TASK BRIEF » I would like the records restated word for word, without the pictures.

Entries taken from a collection:
■ ■ ■ ■

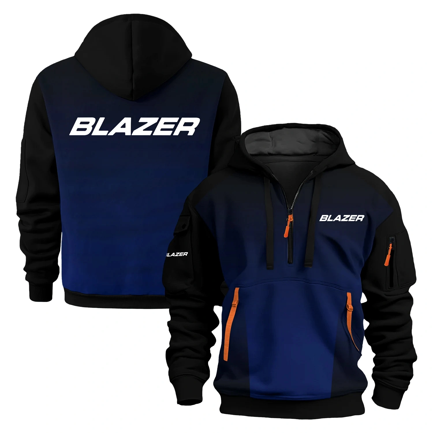 Elevate your wardrobe with our Blazer hoodie half zipper half zipper, meticulously crafted for both function and fashion. Featuring long sleeves for added warmth and coverage, this hoodie keeps you comfortable in cooler conditions. The hooded neckline adds a modern, trendy touch to the ensemble, making it a perfect choice for those who appreciate a contemporary look.
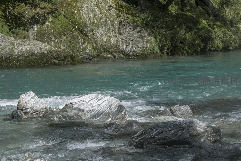 碧蓝河水绕石而行,波光粼粼如镜面
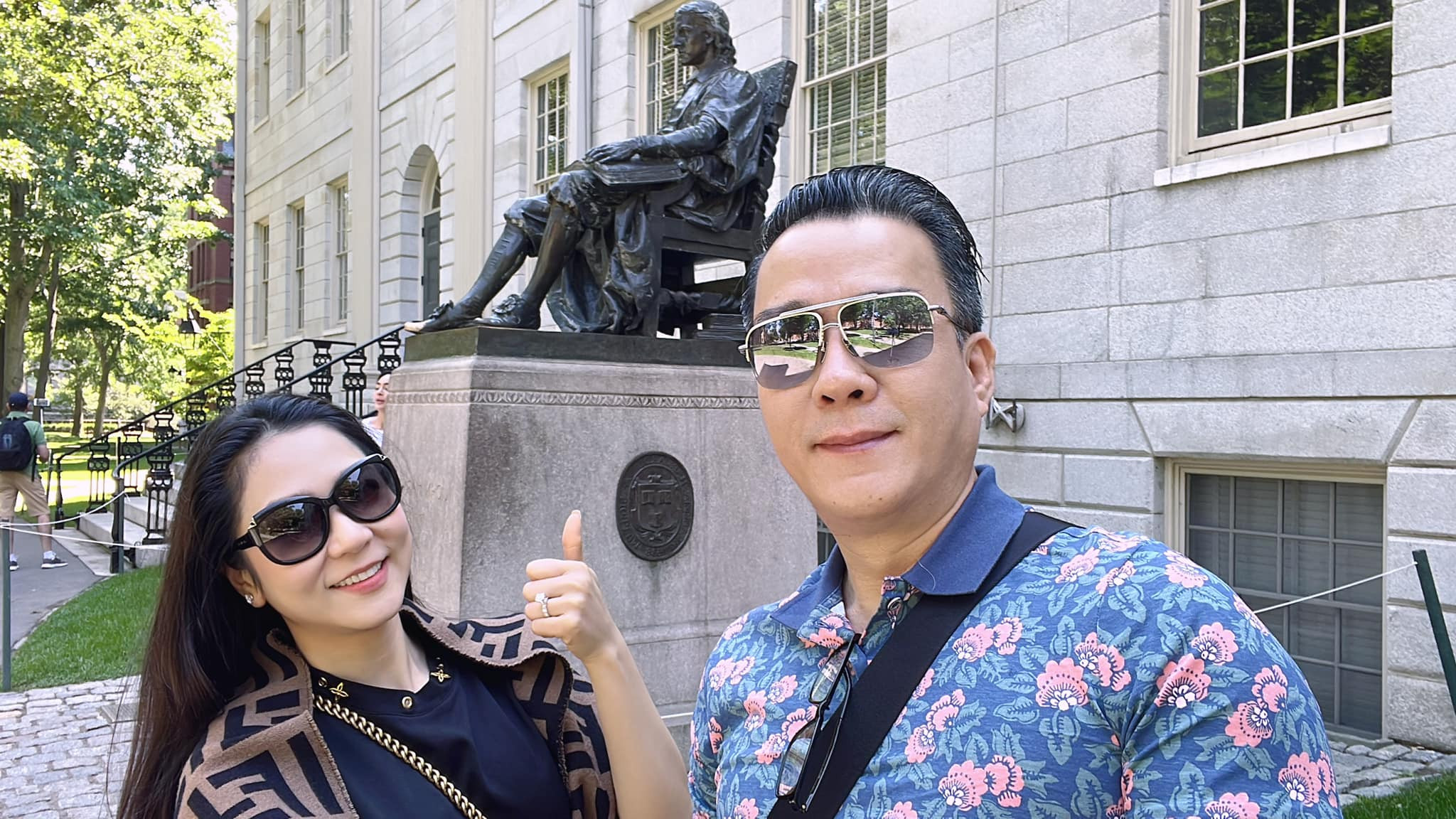 Người chăm chỉ chia sẻ những hình ảnh ngọt ngào của cả hai là doanh nhân Thắng Ngô. Anh thậm chí còn đăng ảnh khóa môi vợ ngay giữa chốn đông người khi cả hai đi du lịch.
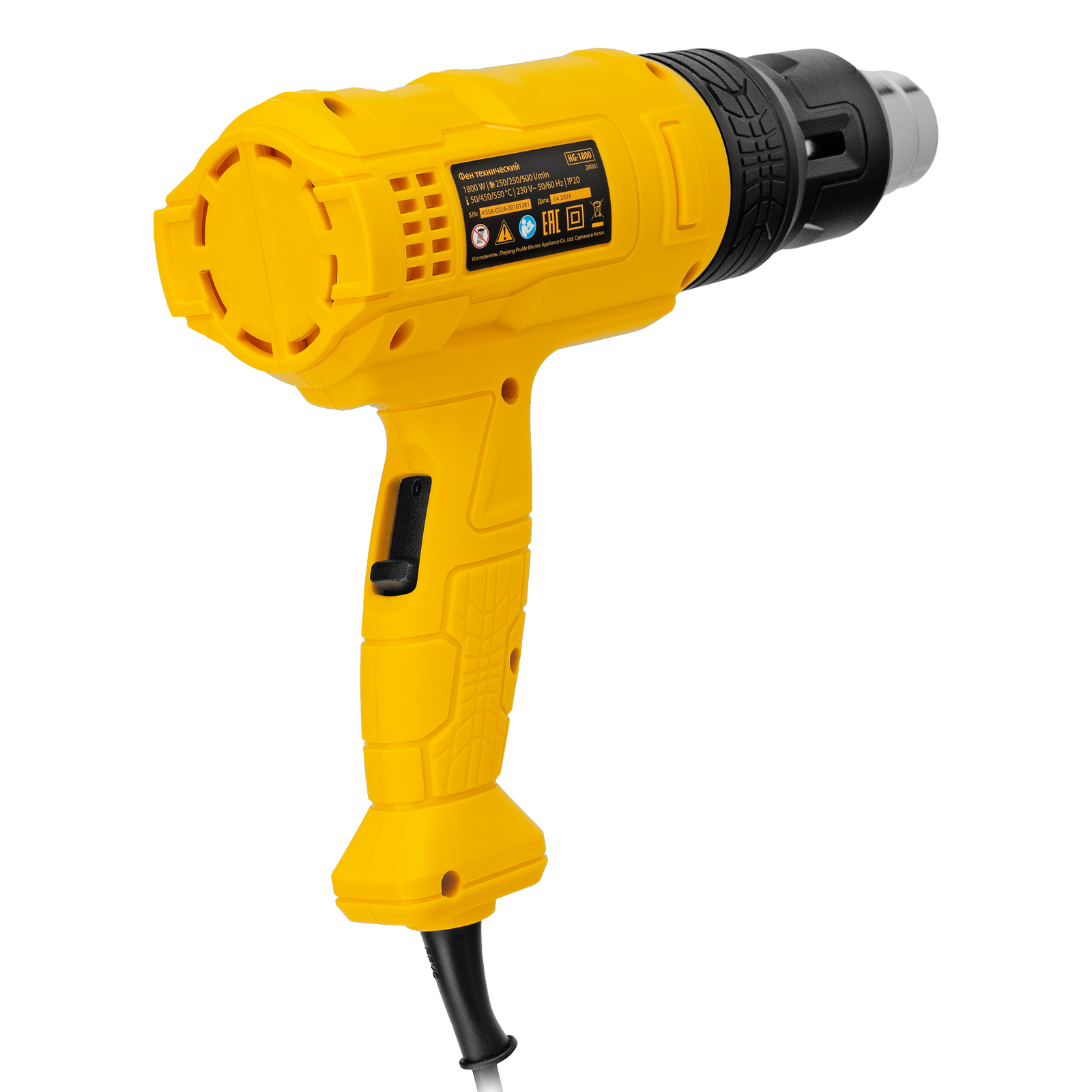 Фен технический Denzel HG-1800 28001 мощностью 1,8 кВт работает в 3 режимах: с температурой 50/450/550 ℃ и производительностью 250/250/500 л/мин соответственно. Используется в качестве источника горячего воздуха для нагрева и просушивания различных материалов, снятия лакокрасочных покрытий, сварки изделий из пластика, дезинфекции поверхностей, а также при проведении слесарных работ, ремонта и строительства. Набор стандартных опций без лишнего функционала обеспечивает идеальное соотношение цены и качества, делает инструмент оптимальным вариантом для бытового применения.
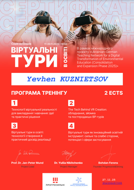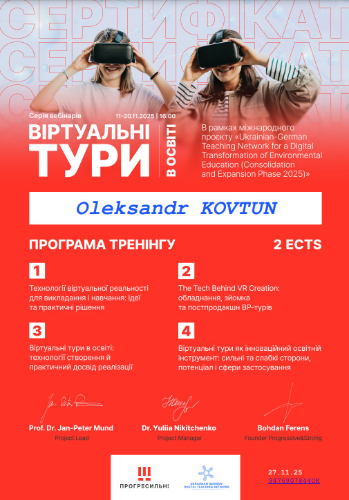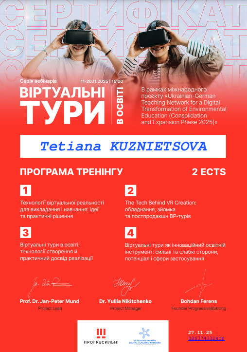 У листопаді 2025 року, на цій же українсько-німецькій освітній платформі, ці ж викладачі доєдналися до серії професійних вебінарів «Віртуальні тури в освіті» (11-20 листопада), обсягом 2 кредити ЄКТС, що охопили сучасні VR-технології та можливості створення віртуальних турів в освітньому середовищі. Учасники не лише ознайомилися з принципами побудови імерсивних 3D-просторів, а й здобули практичні навички у проєктуванні власних VR-турів – від вибору обладнання та технік зйомки до монтажу й інтеграції в освітні курси. Цей досвід дозволить викладачам впроваджувати інноваційні форми навчання, що сприятимуть розвиткові критичного мислення, зануренню у складні управлінські ситуації та створенню віртуальних бізнес-симуляцій для майбутніх менеджерів.

■ ■ ■ ■

RESPONSE BOX »
 Elevate your wardrobe with our Blazer hoodie half zipper half zipper, meticulously crafted for both function and fashion. Featuring long sleeves for added warmth and coverage, this hoodie keeps you comfortable in cooler conditions. The hooded neckline adds a modern, trendy touch to the ensemble, making it a perfect choice for those who appreciate a contemporary look.
 碧蓝河水绕石而行,波光粼粼如镜面
 Người chăm chỉ chia sẻ những hình ảnh ngọt ngào của cả hai là doanh nhân Thắng Ngô. Anh thậm chí còn đăng ảnh khóa môi vợ ngay giữa chốn đông người khi cả hai đi du lịch.
 Фен технический Denzel HG-1800 28001 мощностью 1,8 кВт работает в 3 режимах: с температурой 50/450/550 ℃ и производительностью 250/250/500 л/мин соответственно. Используется в качестве источника горячего воздуха для нагрева и просушивания различных материалов, снятия лакокрасочных покрытий, сварки изделий из пластика, дезинфекции поверхностей, а также при проведении слесарных работ, ремонта и строительства. Набор стандартных опций без лишнего функционала обеспечивает идеальное соотношение цены и качества, делает инструмент оптимальным вариантом для бытового применения.
 У листопаді 2025 року, на цій же українсько-німецькій освітній платформі, ці ж викладачі доєдналися до серії професійних вебінарів «Віртуальні тури в освіті» (11-20 листопада), обсягом 2 кредити ЄКТС, що охопили сучасні VR-технології та можливості створення віртуальних турів в освітньому середовищі. Учасники не лише ознайомилися з принципами побудови імерсивних 3D-просторів, а й здобули практичні навички у проєктуванні власних VR-турів – від вибору обладнання та технік зйомки до монтажу й інтеграції в освітні курси. Цей досвід дозволить викладачам впроваджувати інноваційні форми навчання, що сприятимуть розвиткові критичного мислення, зануренню у складні управлінські ситуації та створенню віртуальних бізнес-симуляцій для майбутніх менеджерів.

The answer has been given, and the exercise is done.